[Task instructions]
Transcribe word for word the section of the records below that opens with the line containing "Plastový květináč oplétaný" and closes with the line containing "獨特的設計提高了效率以及噪聲靈敏度。在采用非常低的 0.32m? 電感器"; drop every picture.

[Excerpted records]
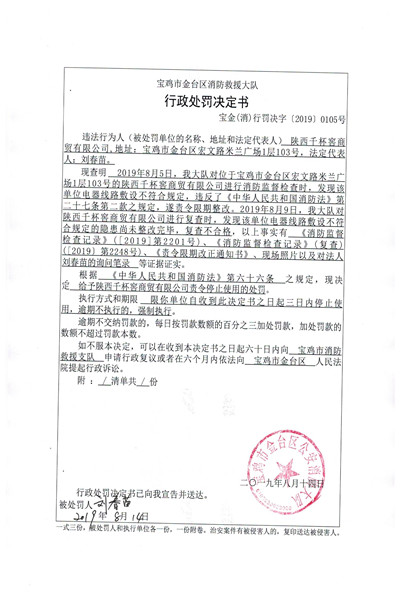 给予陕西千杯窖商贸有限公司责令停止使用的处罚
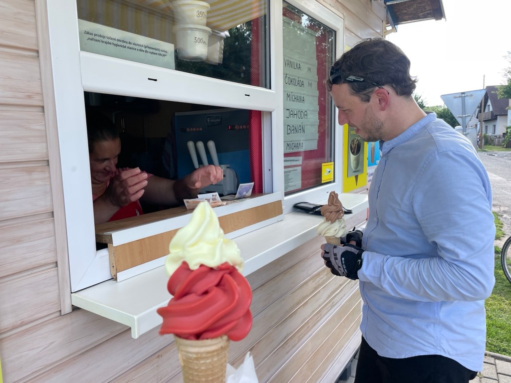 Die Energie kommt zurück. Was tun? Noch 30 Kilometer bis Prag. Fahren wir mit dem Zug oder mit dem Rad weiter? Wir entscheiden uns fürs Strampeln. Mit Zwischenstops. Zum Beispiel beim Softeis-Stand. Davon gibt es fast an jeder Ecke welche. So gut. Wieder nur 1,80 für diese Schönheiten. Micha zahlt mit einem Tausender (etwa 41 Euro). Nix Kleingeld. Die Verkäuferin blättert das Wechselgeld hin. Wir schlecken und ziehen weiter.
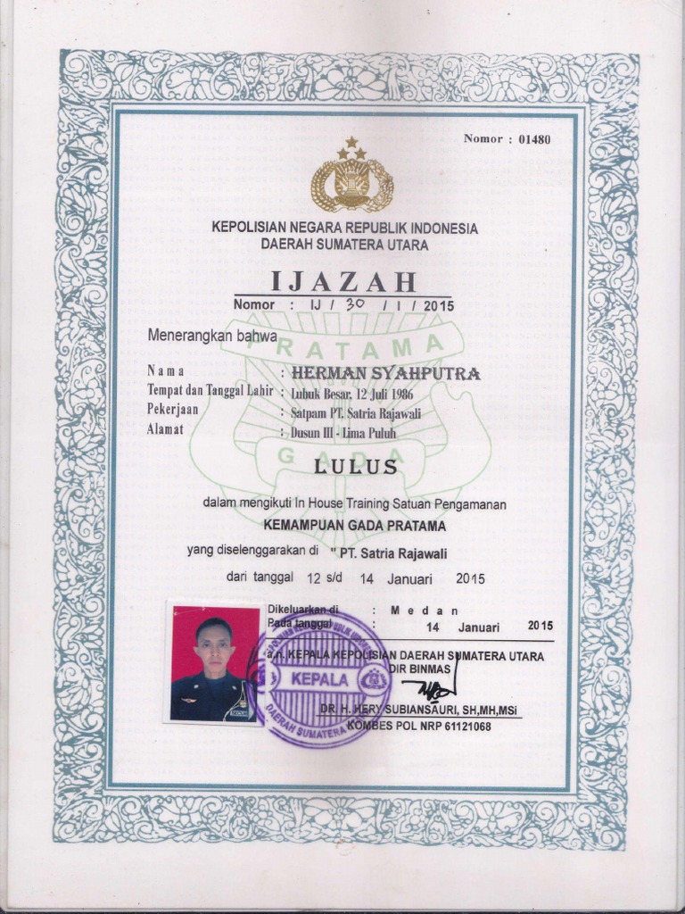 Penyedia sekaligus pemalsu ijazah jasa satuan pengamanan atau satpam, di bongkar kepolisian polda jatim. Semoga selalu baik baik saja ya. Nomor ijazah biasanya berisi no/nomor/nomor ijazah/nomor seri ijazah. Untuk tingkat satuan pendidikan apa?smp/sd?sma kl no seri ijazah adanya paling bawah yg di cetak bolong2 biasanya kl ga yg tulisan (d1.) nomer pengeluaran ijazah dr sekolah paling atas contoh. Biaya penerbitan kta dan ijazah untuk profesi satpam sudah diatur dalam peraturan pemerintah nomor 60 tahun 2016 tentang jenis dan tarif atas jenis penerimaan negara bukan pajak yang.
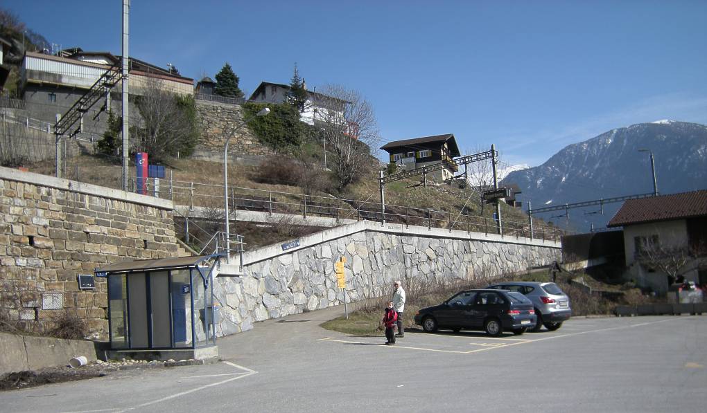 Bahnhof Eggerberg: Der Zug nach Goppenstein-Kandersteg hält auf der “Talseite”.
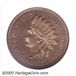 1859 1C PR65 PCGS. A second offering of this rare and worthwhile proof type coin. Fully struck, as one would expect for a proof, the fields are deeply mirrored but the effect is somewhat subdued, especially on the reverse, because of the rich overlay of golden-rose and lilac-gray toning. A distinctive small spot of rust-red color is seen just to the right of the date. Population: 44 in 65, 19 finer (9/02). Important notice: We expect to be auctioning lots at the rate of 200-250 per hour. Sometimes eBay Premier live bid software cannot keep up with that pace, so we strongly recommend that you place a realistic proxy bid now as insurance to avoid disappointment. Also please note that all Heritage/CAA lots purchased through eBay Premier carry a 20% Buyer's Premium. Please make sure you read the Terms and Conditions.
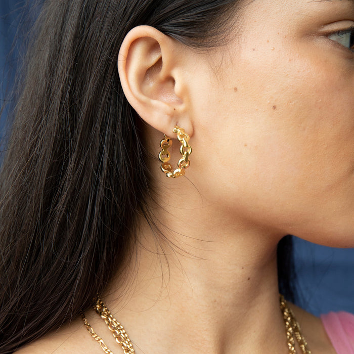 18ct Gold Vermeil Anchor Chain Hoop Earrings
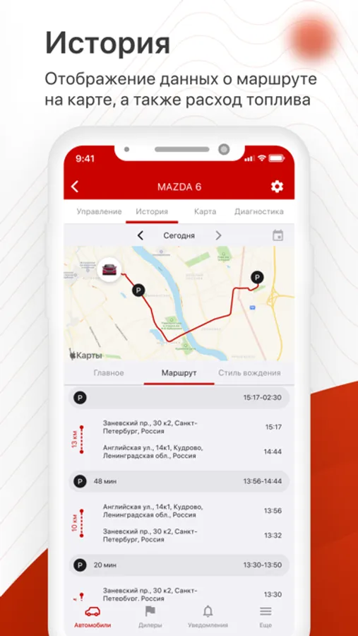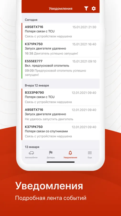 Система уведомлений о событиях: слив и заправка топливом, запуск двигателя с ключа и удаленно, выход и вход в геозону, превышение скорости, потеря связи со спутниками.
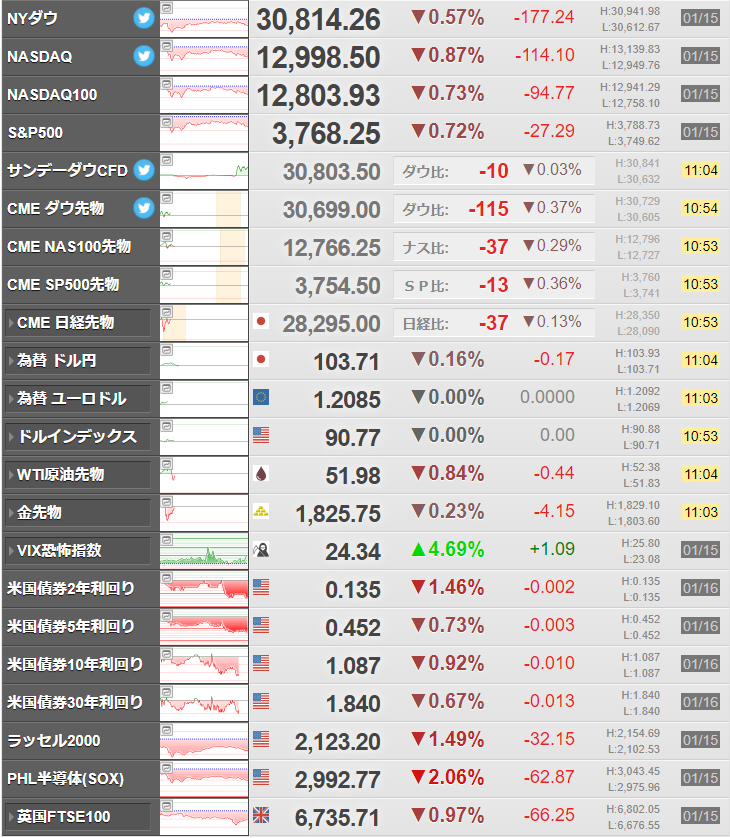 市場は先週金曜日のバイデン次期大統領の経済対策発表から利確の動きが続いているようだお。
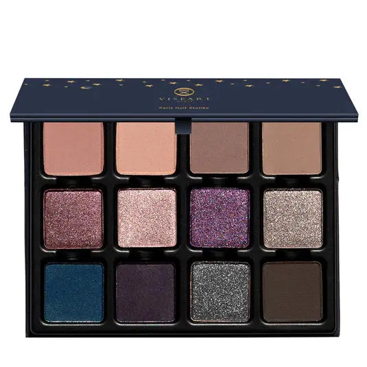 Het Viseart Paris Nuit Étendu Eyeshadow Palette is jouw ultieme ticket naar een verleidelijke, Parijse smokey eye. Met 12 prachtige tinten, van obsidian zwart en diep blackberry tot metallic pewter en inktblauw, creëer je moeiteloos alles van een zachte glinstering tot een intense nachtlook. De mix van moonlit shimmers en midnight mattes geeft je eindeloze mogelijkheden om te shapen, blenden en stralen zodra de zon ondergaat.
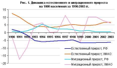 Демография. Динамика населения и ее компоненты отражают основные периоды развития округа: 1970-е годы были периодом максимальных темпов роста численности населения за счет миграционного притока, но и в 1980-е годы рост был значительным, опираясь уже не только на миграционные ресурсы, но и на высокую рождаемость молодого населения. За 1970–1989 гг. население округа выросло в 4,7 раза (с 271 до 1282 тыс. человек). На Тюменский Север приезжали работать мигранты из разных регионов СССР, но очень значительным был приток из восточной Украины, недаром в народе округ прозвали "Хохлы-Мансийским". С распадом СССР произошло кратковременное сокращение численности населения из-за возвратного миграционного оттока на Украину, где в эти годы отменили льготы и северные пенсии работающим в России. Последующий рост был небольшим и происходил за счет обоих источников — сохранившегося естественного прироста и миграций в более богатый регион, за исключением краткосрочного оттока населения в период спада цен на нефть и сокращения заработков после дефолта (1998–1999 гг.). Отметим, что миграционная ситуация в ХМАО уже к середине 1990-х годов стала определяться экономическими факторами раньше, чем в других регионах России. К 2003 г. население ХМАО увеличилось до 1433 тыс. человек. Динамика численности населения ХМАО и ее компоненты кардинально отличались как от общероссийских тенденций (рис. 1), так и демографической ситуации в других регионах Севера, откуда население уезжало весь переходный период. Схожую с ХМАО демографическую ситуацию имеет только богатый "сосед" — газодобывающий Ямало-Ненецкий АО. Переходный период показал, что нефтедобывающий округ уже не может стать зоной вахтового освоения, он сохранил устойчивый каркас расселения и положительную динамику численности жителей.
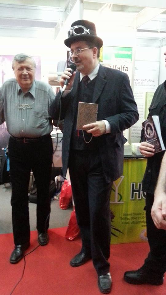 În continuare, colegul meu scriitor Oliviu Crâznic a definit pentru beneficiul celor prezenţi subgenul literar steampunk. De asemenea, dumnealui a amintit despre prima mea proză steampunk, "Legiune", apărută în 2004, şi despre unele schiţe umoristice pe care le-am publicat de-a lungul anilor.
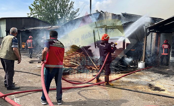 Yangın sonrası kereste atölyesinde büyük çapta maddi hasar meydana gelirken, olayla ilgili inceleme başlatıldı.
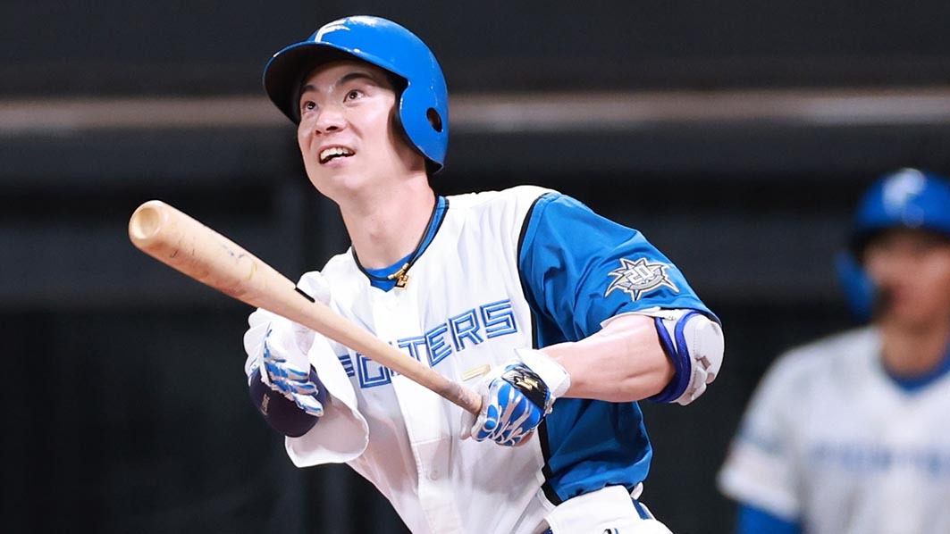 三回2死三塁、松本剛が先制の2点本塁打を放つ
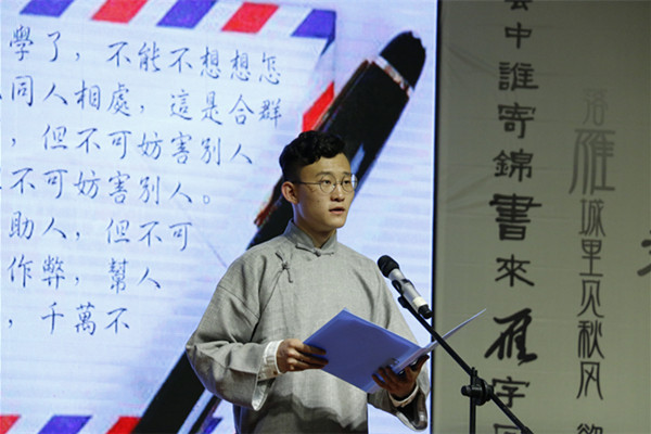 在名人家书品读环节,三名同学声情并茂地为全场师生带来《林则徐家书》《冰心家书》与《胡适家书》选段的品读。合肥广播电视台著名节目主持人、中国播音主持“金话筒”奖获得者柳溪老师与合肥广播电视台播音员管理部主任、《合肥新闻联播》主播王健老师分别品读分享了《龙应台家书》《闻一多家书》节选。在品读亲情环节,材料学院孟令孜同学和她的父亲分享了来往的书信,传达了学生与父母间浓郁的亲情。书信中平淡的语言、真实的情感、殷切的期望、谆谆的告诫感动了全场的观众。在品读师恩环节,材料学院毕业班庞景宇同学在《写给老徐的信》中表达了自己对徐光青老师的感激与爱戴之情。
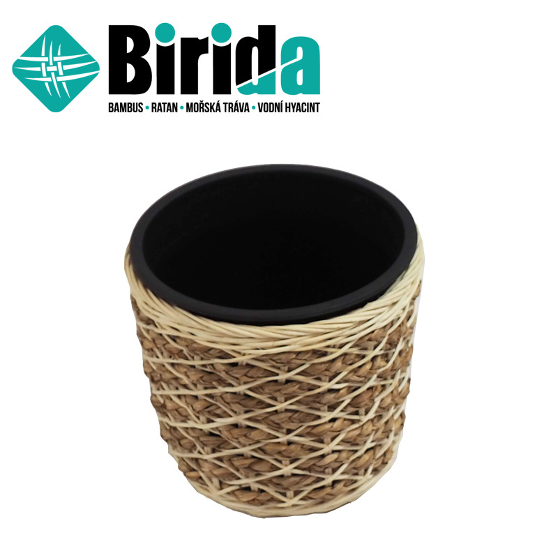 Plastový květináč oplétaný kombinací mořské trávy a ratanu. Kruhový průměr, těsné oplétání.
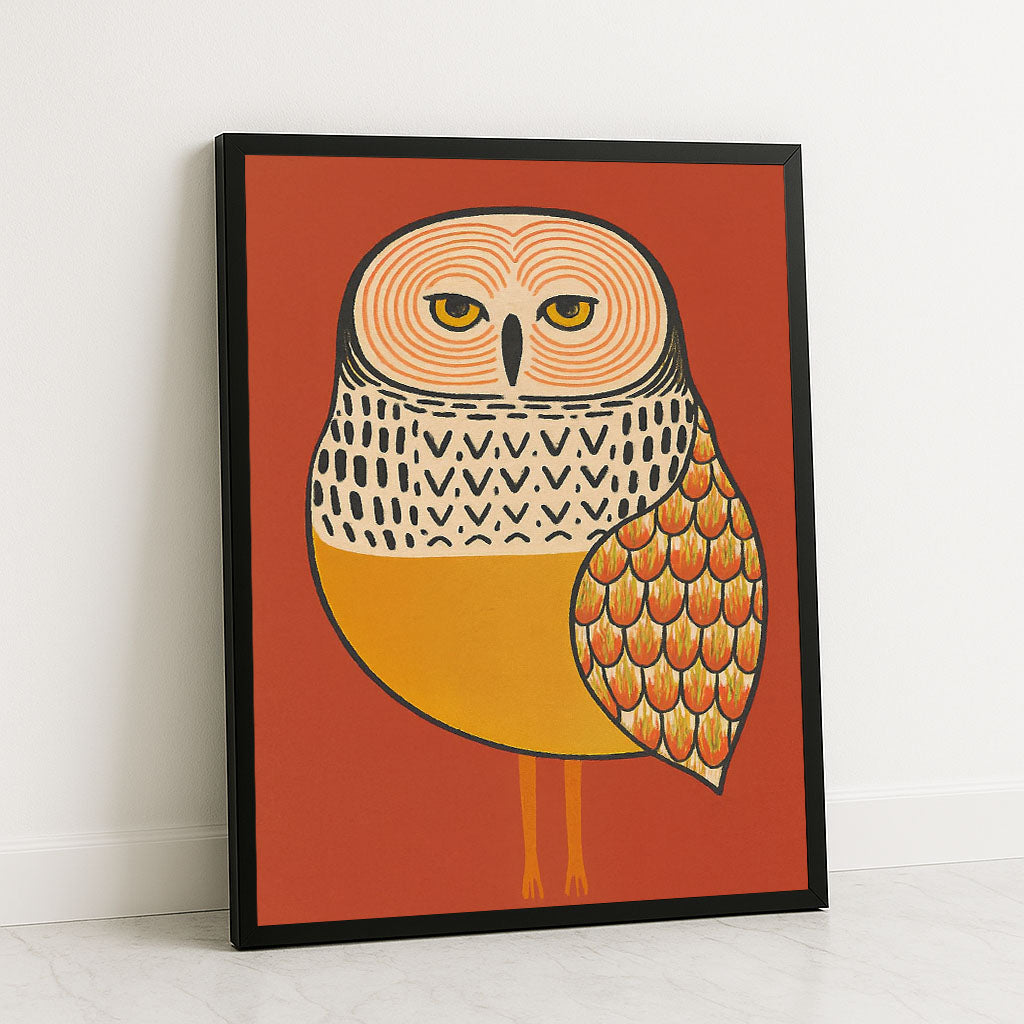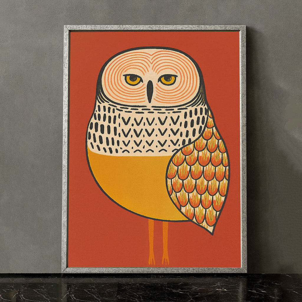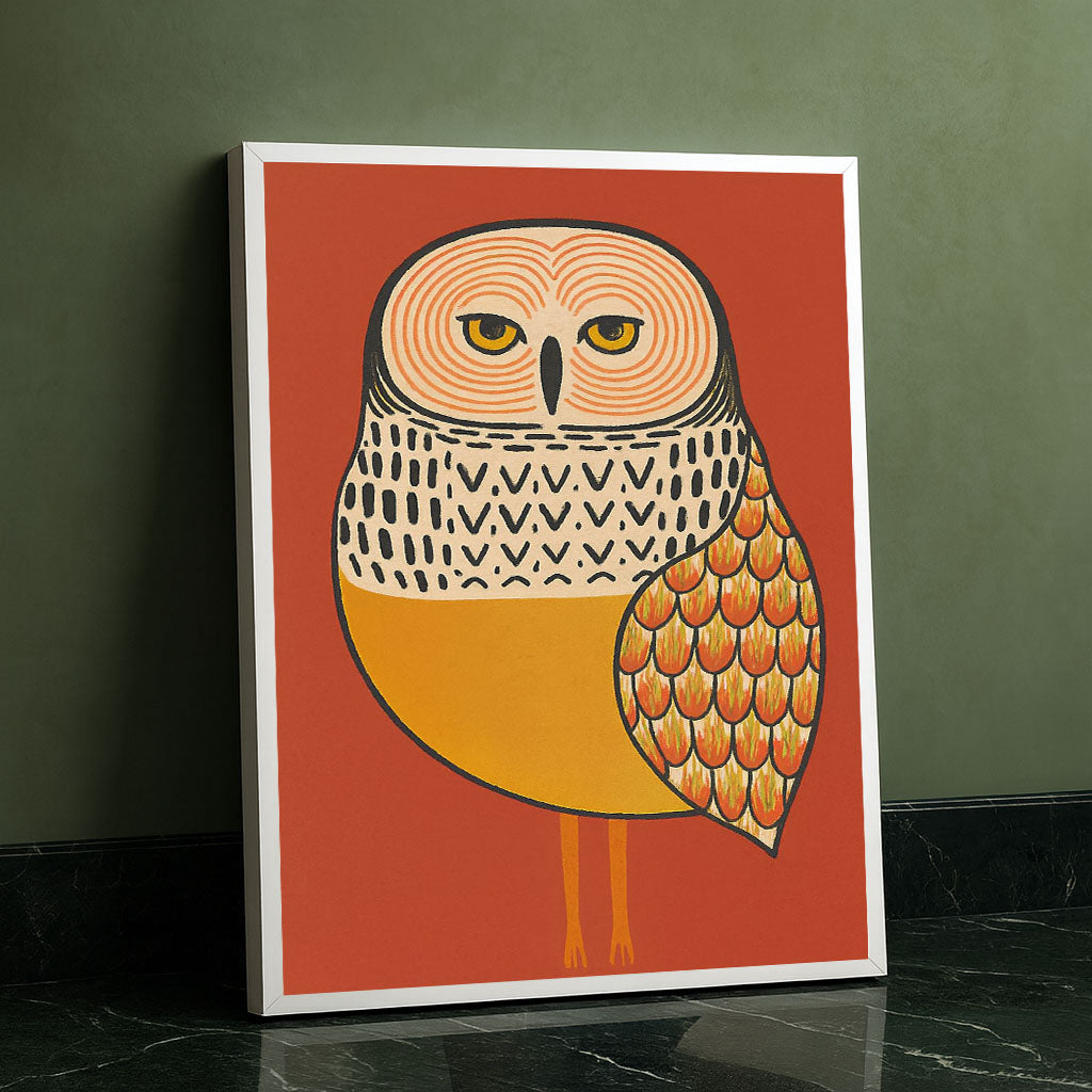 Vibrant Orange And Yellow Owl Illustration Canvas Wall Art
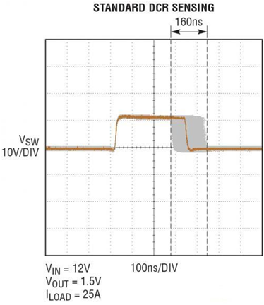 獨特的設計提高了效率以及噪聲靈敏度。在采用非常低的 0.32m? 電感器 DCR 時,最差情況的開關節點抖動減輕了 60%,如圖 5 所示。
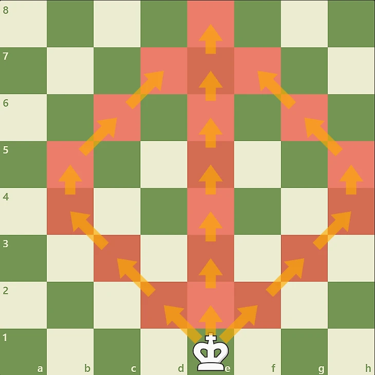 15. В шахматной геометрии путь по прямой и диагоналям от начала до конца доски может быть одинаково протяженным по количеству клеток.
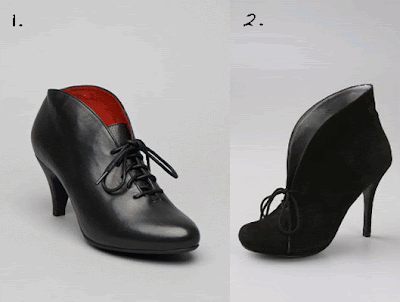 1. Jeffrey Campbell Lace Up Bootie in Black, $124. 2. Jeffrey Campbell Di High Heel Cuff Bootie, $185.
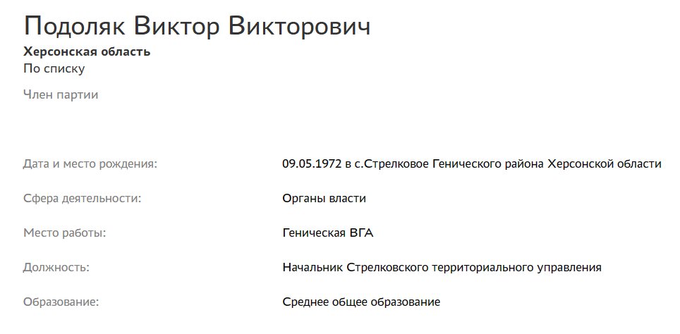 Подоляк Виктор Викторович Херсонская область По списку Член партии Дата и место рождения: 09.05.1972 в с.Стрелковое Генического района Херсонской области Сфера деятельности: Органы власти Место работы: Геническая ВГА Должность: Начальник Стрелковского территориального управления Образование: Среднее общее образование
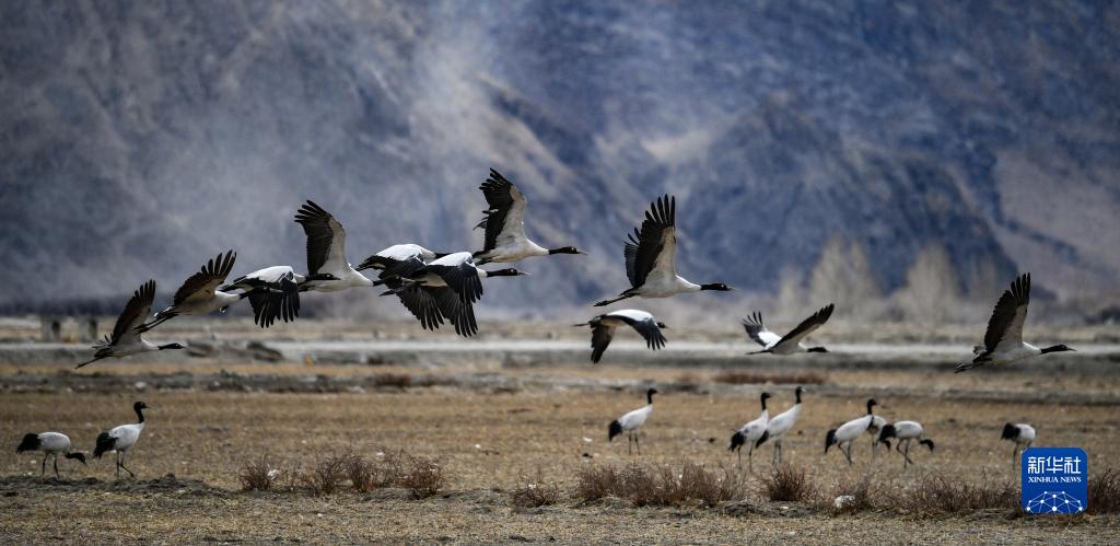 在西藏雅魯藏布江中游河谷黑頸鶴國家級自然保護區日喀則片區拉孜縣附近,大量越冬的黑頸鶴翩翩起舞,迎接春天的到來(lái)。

[Expected answer]
 Plastový květináč oplétaný kombinací mořské trávy a ratanu. Kruhový průměr, těsné oplétání.
 Vibrant Orange And Yellow Owl Illustration Canvas Wall Art
 獨特的設計提高了效率以及噪聲靈敏度。在采用非常低的 0.32m? 電感器 DCR 時,最差情況的開關節點抖動減輕了 60%,如圖 5 所示。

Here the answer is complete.